Adding to this that the car crash victim in this case was a 13-year-old boy living in an area that’s apparently well-known for having issues with criminal youth gangs – it seems to me at least very understandable that this sort of music would hold a very strong appeal to such a boy, to the extent where he would probably openly proclaim to anyone willing to listen that this was his favorite or something like that –

if this is correct, then it would seem … actually rather natural for people who knew him and his reasons for liking this sort of music to actually post this sort of thing as an attempt to make a tribute to his memory.

Which … is a bit fraught – it makes sense in enough context, but when posting an isolated Dogg lyric like that on social media, it’s kind of hard to convey that sort of context (especially to people outside his social circle), and … ignoring that sort of context, having a chunk of naked text that looks like

“I hate fuck shit, slap a bitch n***a, kill a snitch n***a, rob a rich n***a I think I’m trippin’ “

does come across as rather crass.

Yet … even without this specific context, gangsta-rap with this kind of language have been kinda ubiquitous for a rather long time now, to the point where even UK’s state-run BBC has been running an entire radio channel for years full of content like this (content note : N-word usage from roughly the 1-minute mark onwards):

which makes this particular court ruling come across as … basically insane from pretty much any perspective I can muster.

“She was charged after Merseyside Police were anonymously sent a screenshot of her update.”

seriously we could automate this process by scraping Twitter and Facebook and Reddit and put half of Liverpool behind bars.

Free speech laws in the UK are atrocious. A hate speech conviction for quoting song lyrics is ridiculous. 

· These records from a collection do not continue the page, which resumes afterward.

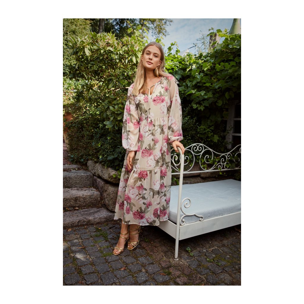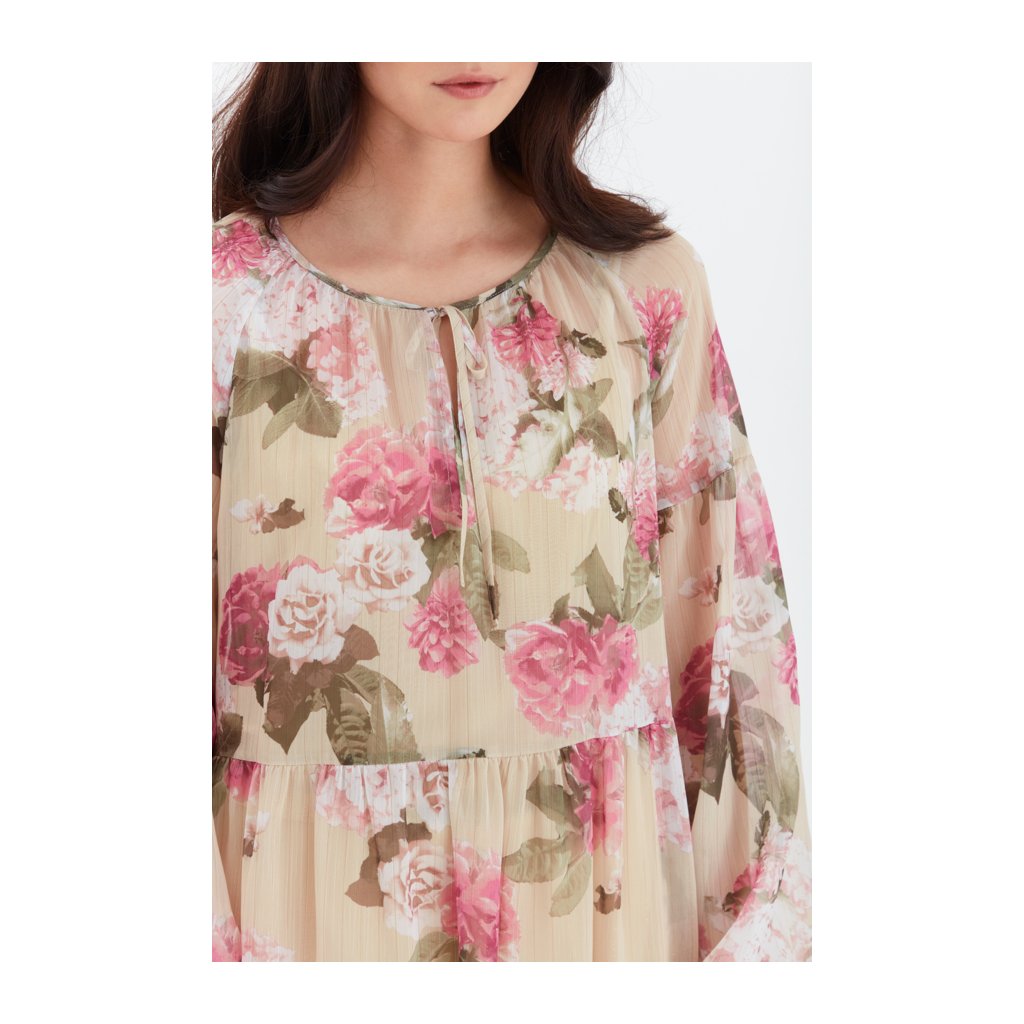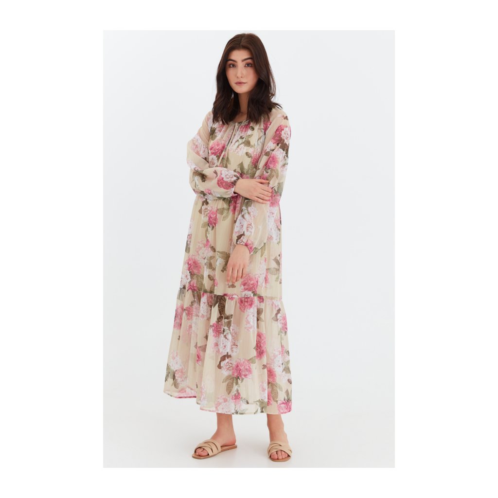 Letní lehoučké šaty volného střihu s dlouhým rukávem a spodničkou, která má posuvná ramínka.
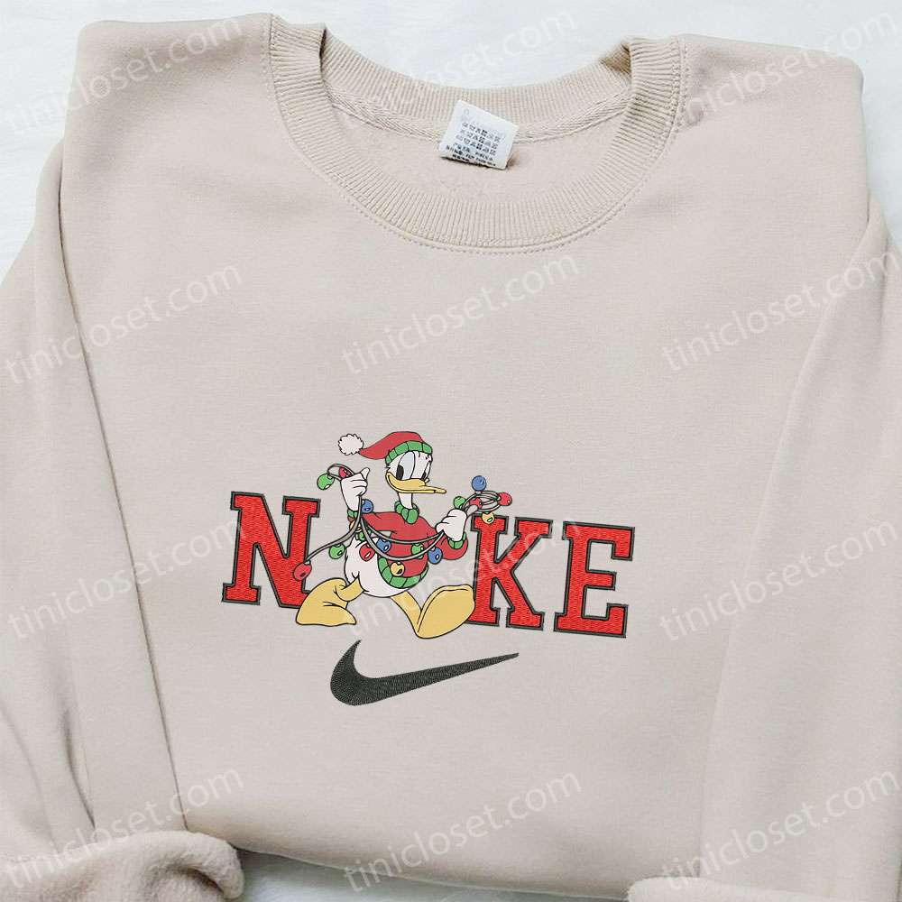 Disney Donald Duck Christmas Light X Nike Christmas Embroidered Sweatshirt, Christmas Embroidered Shirt, Best Christmas Gift Ideas
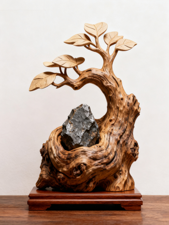 自此,工余時間他便與刻刀、砂紙作伴,礦山周邊山野成了“藏寶圖”:崖壁野棗根虬勁盤曲,溪谷黃荊的根光滑圓潤,深谷老樹根沉厚生香。特別是在尾礦庫壩體撿到的一段桑樹根,腐壞處裹著一塊鐵礦石,礦粒嵌在木紋中,儼然一幅濃縮礦脈圖。
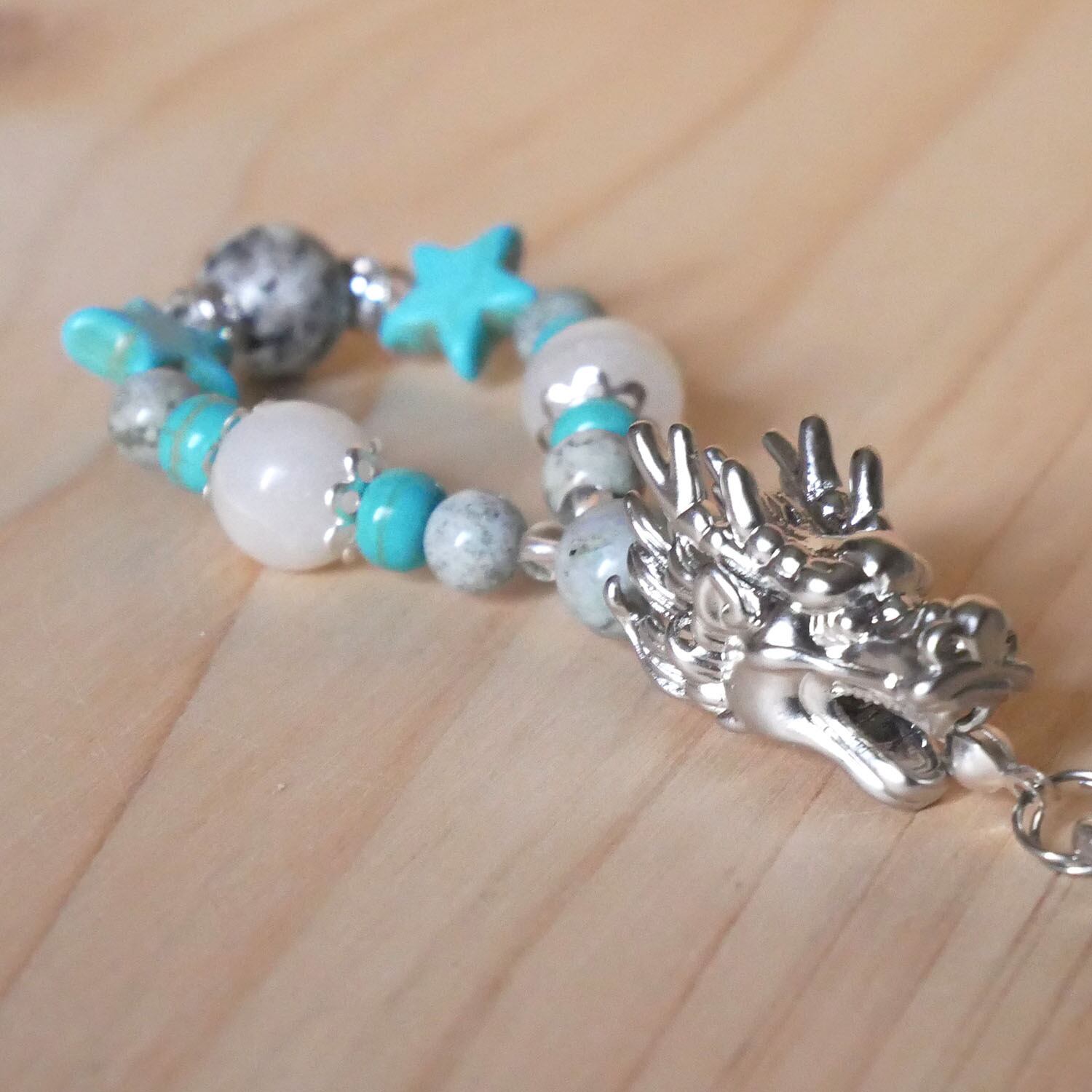 八郷雲龍石:10mm 1個 静岡水晶:10mm 2個 富士さざれ石:8mm 1個・6mm 4個 ターコイズ:6×4mm 4個・11×4mm 2個 水晶:6mm 1個・3mm 8個 ロンデル:5×3mm 2個

Honestly this probably should have failed the “in the public interest” requirement for prosecution. If it’s fine for this song to play on radio1x, then its fine for someone to quote the lyrics. Maybe into the realms of social disapproval, like someone should tell her to censor the n-word even when she’s quoting, but not into the realms of prosecution.

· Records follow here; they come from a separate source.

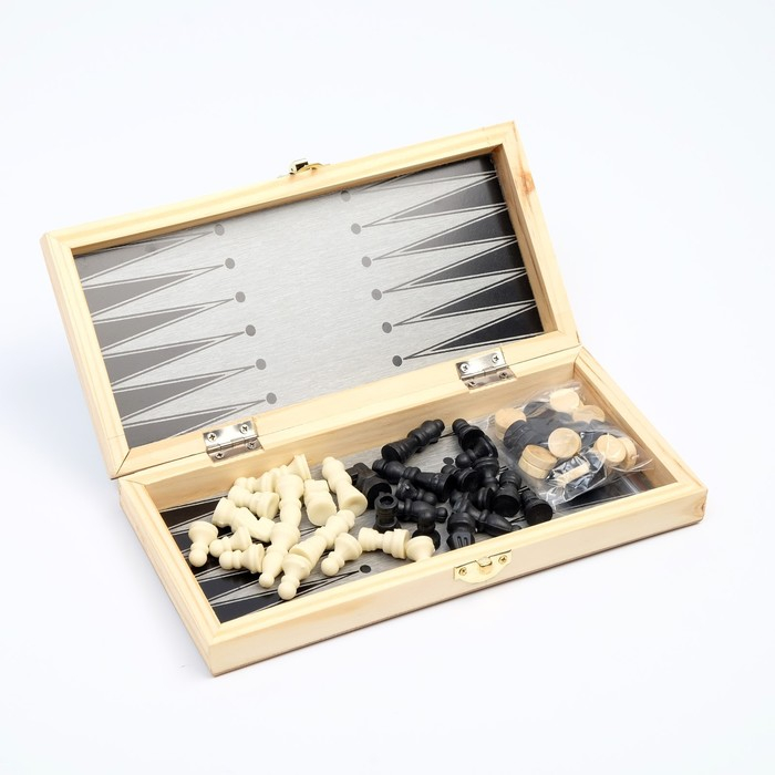 Настольная игра 3 в 1 "Шелест": нарды, шахматы, шашки, 24 х 24 см
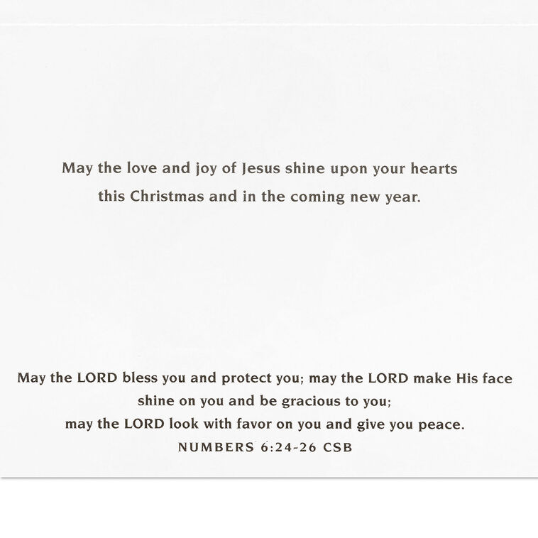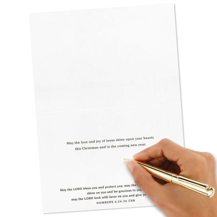 Religious boxed Christmas cards feature a snowy country church scene by Thomas Kinkade Studios with glitter and shiny gold foil accents. DaySpring cards include a Bible verse from Numbers, and coordinating designed envelopes lend the perfect finishing touch. This multipack of holiday cards is perfect for sending season's greetings to friends, family and loved ones. Includes 16 cards and 16 designed, self-sealing envelopes.
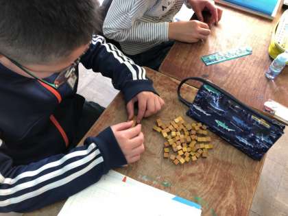 積み木遊びにも見えますが,量感をつかむための大切な学習です。
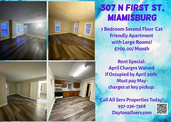 Welcoming upstairs apartment with large kitchen! 1 bedroom, 1bathroom located in Miamisburg, near North Main St. This unit is Cat Friendly (not dog friendly). Rent is $700.00/month, minimum security deposit equal to one month’s rent. Minimum household income requirement is 3x the monthly rent. 16 Month lease term required. Utilities are not included in rental price. Non-smoking unit. Section 8 not accepted. Applicants are required to complete a rental application and authorize a $40 credit and background check. Call All Serv Properties at 937-236-7368 to schedule a showing or visit our website, Daytonallserv.com for more information, additional photos, and online applications!
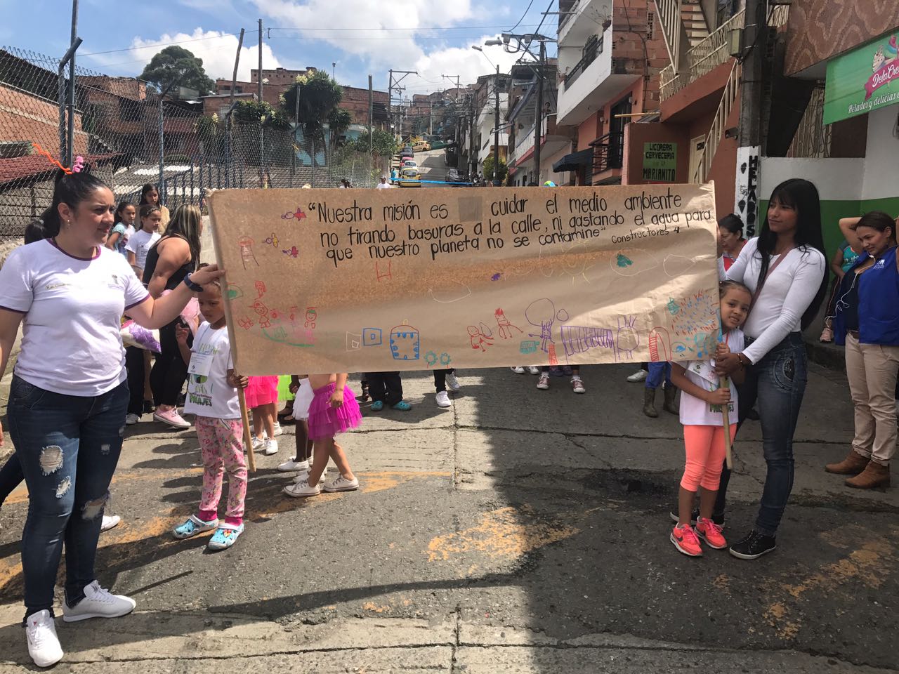 Divididos en cuatro comités (aseo, baile y canto, pintura y perifoneo), alrededor de 25 niños, junto a padres de familia y agentes educativos, recorrieron las calles de su barrio con cantos, tambores y pancartas haciendo un llamado al cuidado del medio ambiente.
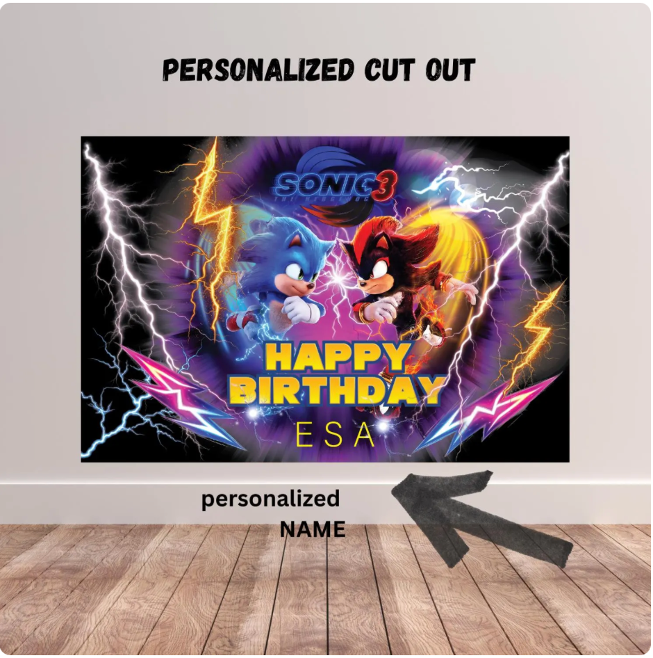 Sonic Birthday Party Backdrop/sonic Hedgehog 3 Birthday Banner/custom Sonic Backdrop/kids Birthday Decor/custom Birthday Backdrop

Would this have been fine if she’d starred out the n-word? Then it’s probably not hate speech. If someone were to say e.g “All n-words must die” then that’s hate speech even if you censor the slur. 

I feel like her lawyer really let her down. It’s a quote, this is stupid as fuck.

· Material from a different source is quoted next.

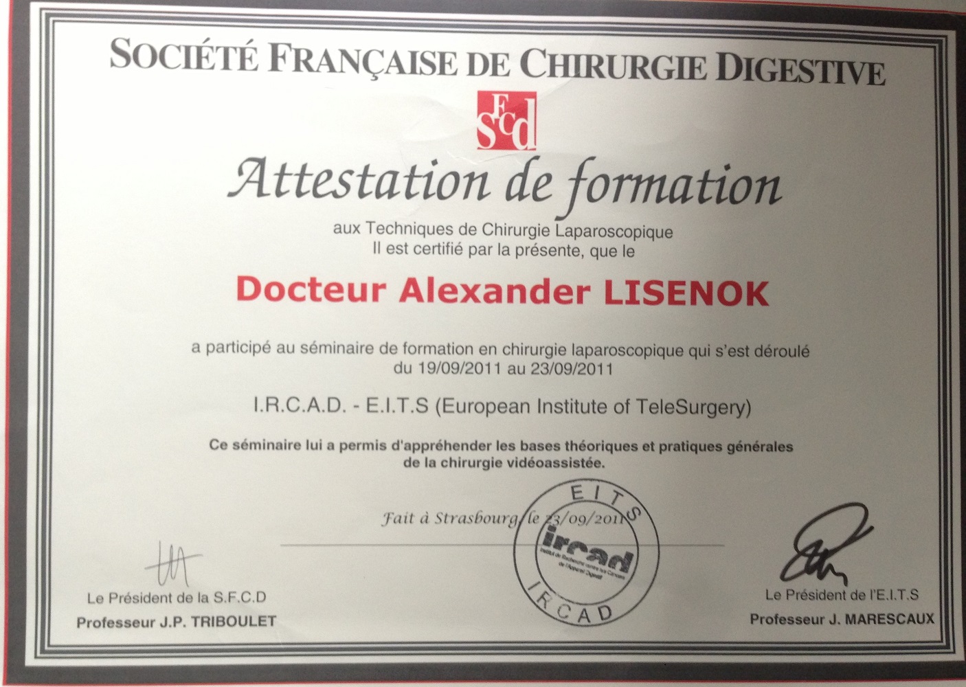 - Клиника Севиль (Иркад), стажировка по «Общей хирургии и лапароскопии», Страсбург, Франция.
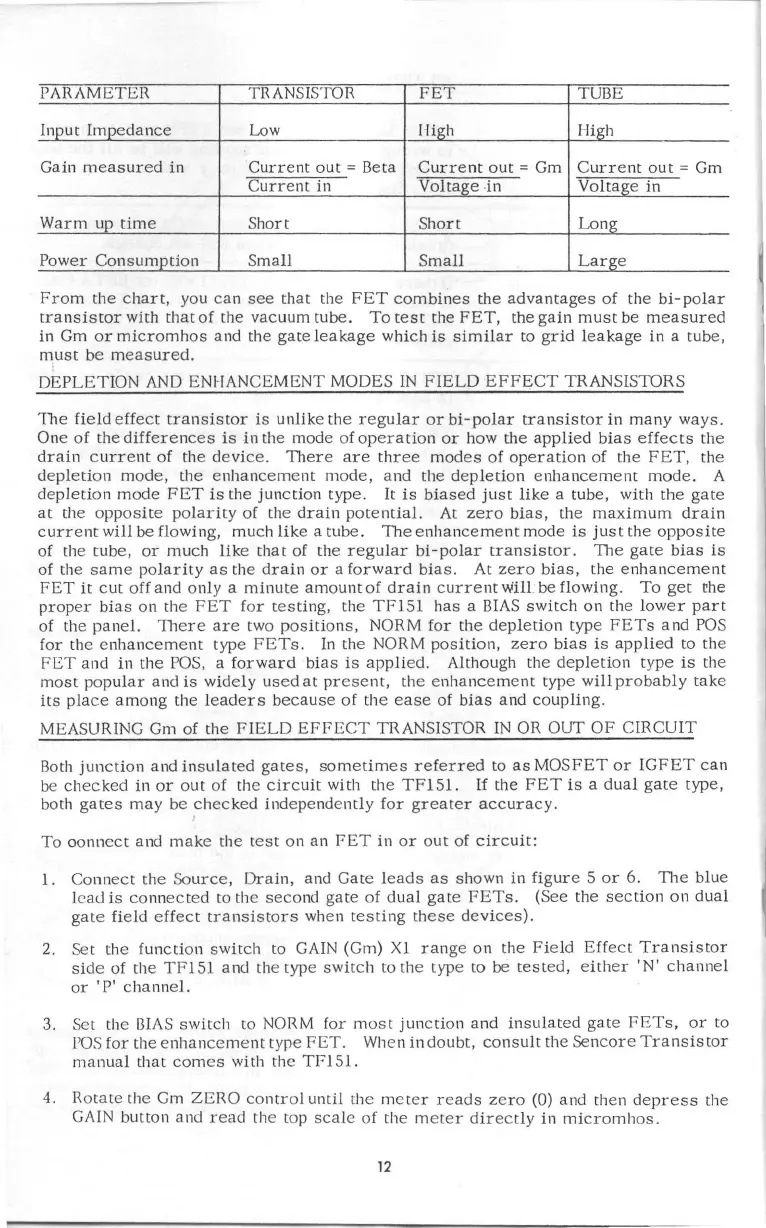 Sencore TF151 - FET Modes of Operation; Measuring FET Transconductance (Gm); Gm Measurement Setup and Procedure

I’m also really uncomfortable with the quote from the police. 

The screenshot was passed to hate crime unit PC Dominique Walker, who told the court the term was “grossly offensive” to her as a black woman and to the general community.”

It’s a bit tricky to articulate, but I feel like that’s a really inappropriate stance for the police to take. The role of the police is to enforce the law neutrally, not to take offence? Would the prosecution not have happened if the officer on duty at the time had been white? Police officers shouldn’t be talking about their personal views. “The black community finds this offensive” is fine, but “I personally find this offensive” seems inappropriate for a police officer. 

And from a legal perspective, if the claim had just been about the community, then there would maybe have been a sensible argument about if the black community in the UK as a whole finds rap lyrics using the n-word offensive, rather than just this one police officer. 

This looks more like a case of someone with a grudge against this girl using overly broad, rarely enforced laws to score points than a sensible use of the law.